The answer is to be the lines below that lie between the line holding "The Rolling Stone" and the line holding "V sredo, 21.", inclusive, transcribed exactly and free of pictures.

┌─ Dataset records

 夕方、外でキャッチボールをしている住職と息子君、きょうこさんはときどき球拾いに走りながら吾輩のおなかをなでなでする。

└─
┌─ Dataset records

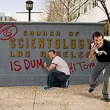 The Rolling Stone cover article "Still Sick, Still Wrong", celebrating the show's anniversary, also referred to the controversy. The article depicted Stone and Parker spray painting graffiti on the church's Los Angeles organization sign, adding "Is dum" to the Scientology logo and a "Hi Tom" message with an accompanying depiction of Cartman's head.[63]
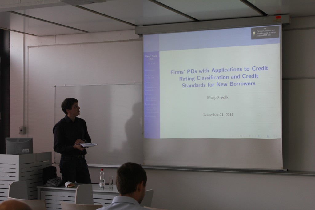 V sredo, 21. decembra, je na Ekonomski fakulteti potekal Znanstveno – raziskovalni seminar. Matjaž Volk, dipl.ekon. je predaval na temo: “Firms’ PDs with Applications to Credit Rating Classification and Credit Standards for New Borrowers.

└─

▶ [Written response]:
 The Rolling Stone cover article "Still Sick, Still Wrong", celebrating the show's anniversary, also referred to the controversy. The article depicted Stone and Parker spray painting graffiti on the church's Los Angeles organization sign, adding "Is dum" to the Scientology logo and a "Hi Tom" message with an accompanying depiction of Cartman's head.[63]
 V sredo, 21. decembra, je na Ekonomski fakulteti potekal Znanstveno – raziskovalni seminar. Matjaž Volk, dipl.ekon. je predaval na temo: “Firms’ PDs with Applications to Credit Rating Classification and Credit Standards for New Borrowers.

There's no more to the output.